Where to Go From Here

To create a LUN from disk drives that are unassigned, see "How to Create a LUN".

To upgrade StorEdge/Netra st A1000 array firmware, see "How to Upgrade Disk Drive Firmware in a Running Cluster".

How to Remove a StorEdge/Netra st A1000 Array From a Running Cluster

Use this procedure to remove a StorEdge/Netra st A1000 array from a running cluster.


Caution - Caution -

This procedure removes all data that is on the StorEdge/Netra st A1000 array you remove.


  1. Migrate any Oracle Parallel Server/Real Application Clusters (OPS) tables, data services, or volumes off the array.

  2. Determine if the array contains a LUN that is configured as a quorum device.


    # scstat -q
    
    • If the array does not contain a quorum device, go to Step 3.

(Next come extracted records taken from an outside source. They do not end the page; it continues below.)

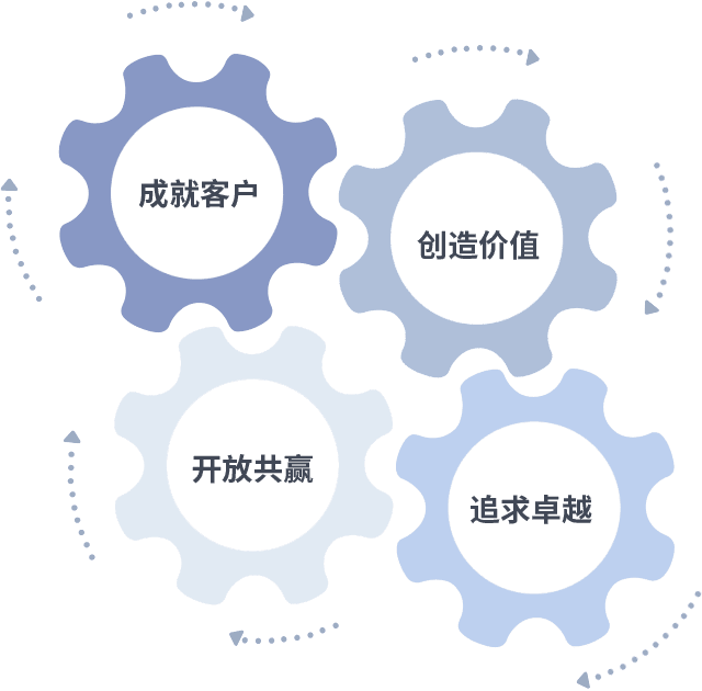 成就客户是一切决策的出发点,,创造价值是衡量所有工作的标准,,,追求卓越是我们做事做人的态度,,,开放共赢是我们的格局也是最终的结果。。。。价值观的齿轮环环相扣,,,,推动着组织里的每个人不断向前。。。
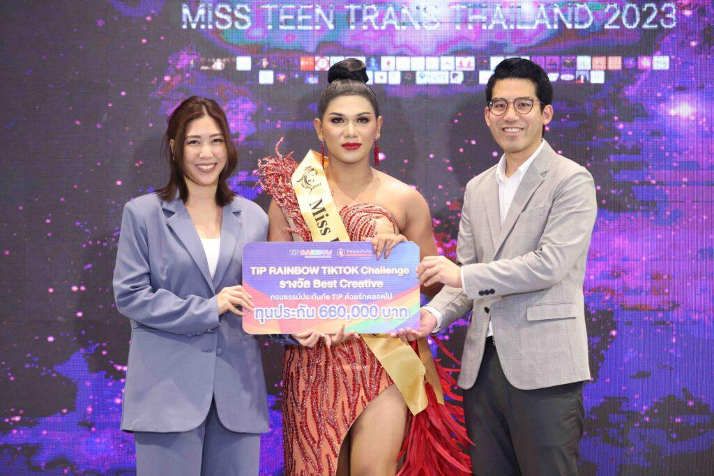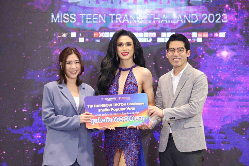 TIP Rainbow ประกันภัยที่เข้าใจความหลากหลาย โดย ทิพยประกันภัย ร่วมสนับสนุนการประกวด Miss Teen Trans Thailand ปีที่ 2  ซึ่งเวทีการประกวดนี้เป็นเวทีต้นแบบสำหรับเด็กและเยาวชนที่มีความหลากหลายทางเพศ หรือ LGBTQ+ ที่มีจิตอาสาและจิตสาธารณะ  อีกทั้งยังช่วยส่งเสริมภาพลักษณ์ของเยาวชนและเป็นการสนับสนุนการสร้างเวทีให้แสดงศักยภาพอย่างเต็มที่อีกด้วย  โดยบริษัทฯได้มอบแผนประกันภัย “TIP ด้วยรักตลอดไป” คุ้มครองอุบัติเหตุและภาวะโคม่าจากโรคร้ายแรง ให้กับผู้ได้รับตำแหน่ง Miss Teen Trans Thailand 2023 และมอบรางวัลพิเศษ TIP Rainbow TIKTOK Challenge รวม 3 รางวัล   ทุนประกันรวม 1,980,000 บาท  ณ คูณ โฮเทล สุขุมวิท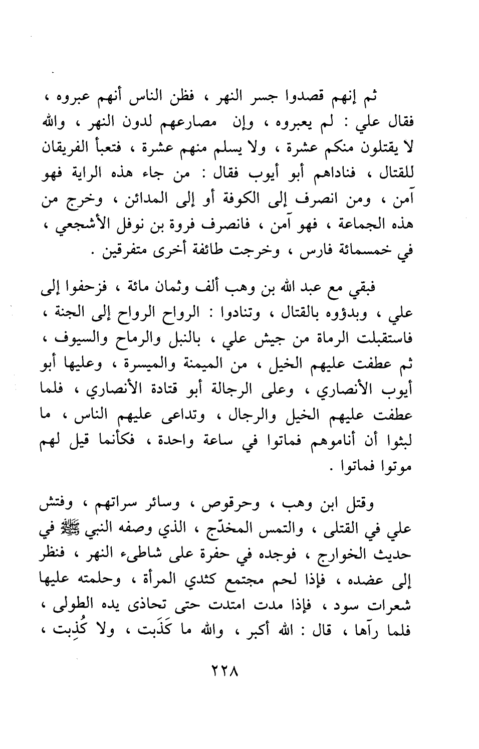 وقتل ابن وهب، وحرقوص، وسائر سراتهم، وفتش علي في القتلى، والتمس المخدج، الذي وصفه البني صلى الله عليه وسلم في حديث الخوارج، فوجده في حفرة على شاطئ النهر، فنظر إلى عضده، فإذا لحم مجتمع كثدي الممرأة، وحلته عليها شعرات سود، فإذا مدت امتدت حتى تحاذى يده الطولى، فلما رآها، قال: الله أكبر، والله ما كذبت، ولا كذبت،
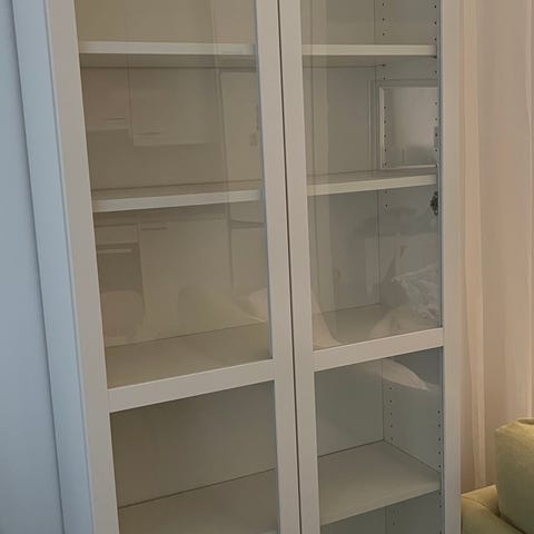 Annetaan kirjahylly. Ollut varastossa tyhjän panttina, koska ei mahdu minnekään ja varastossa on muita hyllyjä riittävästi. Hyllyissä vähän käytönjälkiä, mutta ehkä ja siisti. Alhaalla tehty listojen takia sisennykset, siitä kuva. Keskimmäinen levy kiinteä, muut säädettävissä. Lastulevyä.

    • If the array contains a LUN that is configured as a quorum device, choose and configure another device on a different array to be the new quorum device. Then remove the old quorum device.

  3. Halt all activity to the array.

    See the RAID Manager User's Guide and your operating array documentation for instructions.

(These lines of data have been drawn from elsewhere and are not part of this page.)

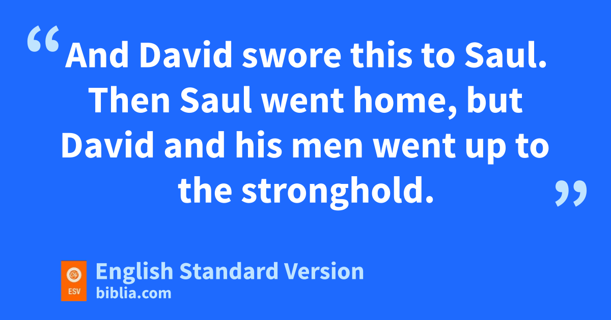 16 As soon as David had finished speaking these words to Saul, Saul said, o“Is this your voice, my son David?” And Saul lifted up his voice and wept. 17 He said to David, “You are more righteous than I, pfor you have repaid me good, whereas I have repaid you evil. 18 And you have declared this day how you have dealt well with me, in that you did not kill me when the Lord put me into your hands. 19 For if a man finds his enemy, will he let him go away safe? So may the Lord reward you with good for what you have done to me this day. 20 And now, behold, qI know that you shall surely be king, and that the kingdom of Israel shall be established in your hand. 21 rSwear to me therefore by the Lord that you will not cut off my offspring after me, and sthat you will not destroy my name out of my father’s house.” 22 And David swore this to Saul. Then Saul went home, but David and his men went up tto the stronghold.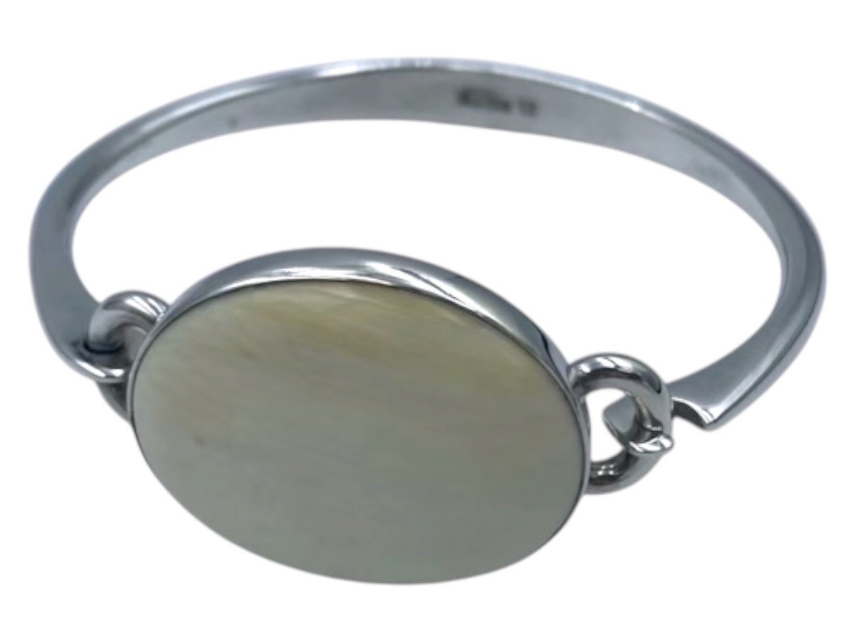 Beskrivelse: Niels Erik From sterlingsølv, moderne moderne armring med stor hvid stykke ben.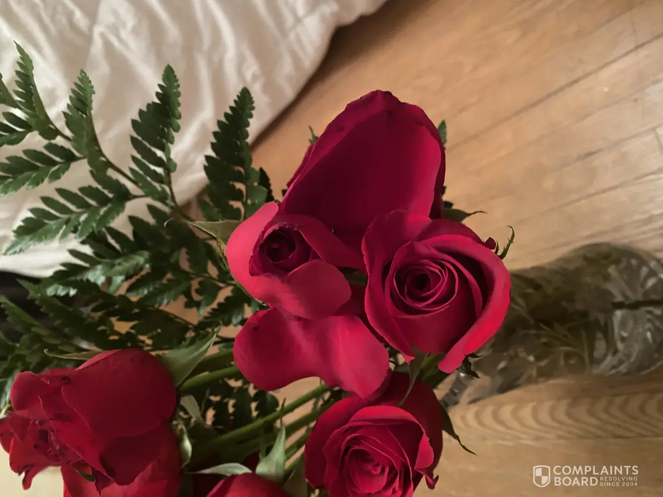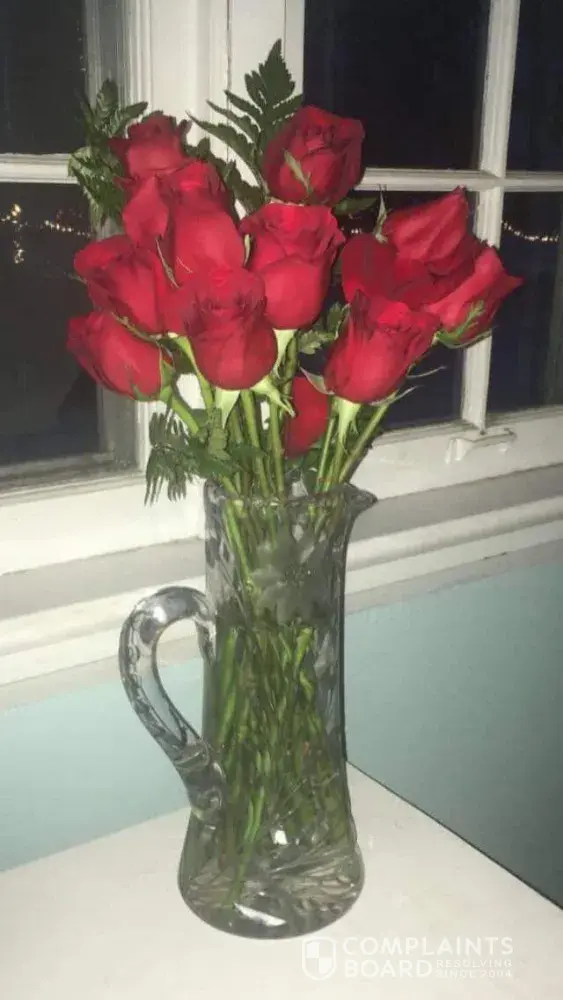 Roses arrived for my birthday today in terrible condition. They arrived after 3pm and were left on step. The driver did not have the decency to ring the doorbell. Rose petals are black, wilting and falling off the stems. Best part of the whole experience was opening up the box. Sadly I feel terrible that my sister paid so much money for such substandard, crappy flowers. This is the second time our family has used this service. Will never use again and never recommend. I posted a thank you on facebook but so embarrassed cause the roses are in such terrible condition. Will never use again!

  4. Remove the LUN from disksets or disk groups.

    If a volume manager does manage the LUN, run the appropriate Solstice DiskSuite/Solaris Volume Manager or VERITAS Volume Manager commands to remove the LUN from any diskset or disk group. For more information, see your Solstice DiskSuite/Solaris Volume Manager or VERITAS Volume Manager documentation. See the following paragraph for additional VERITAS Volume Manager commands that are required.

    LUNs that were managed by VERITAS Volume Manager must be completely removed from VERITAS Volume Manager control before you can delete them. To remove the LUNs, after you delete the LUN from any disk group, use the following commands:


    # vxdisk offline cNtXdY
    # vxdisk rm cNtXdY
    

  5. From one node, delete the LUN.

    For the procedure on deleting a LUN, see the Sun StorEdge RAID Manager User's Guide.

  6. Disconnect all cables from the array and remove the hardware from your cluster.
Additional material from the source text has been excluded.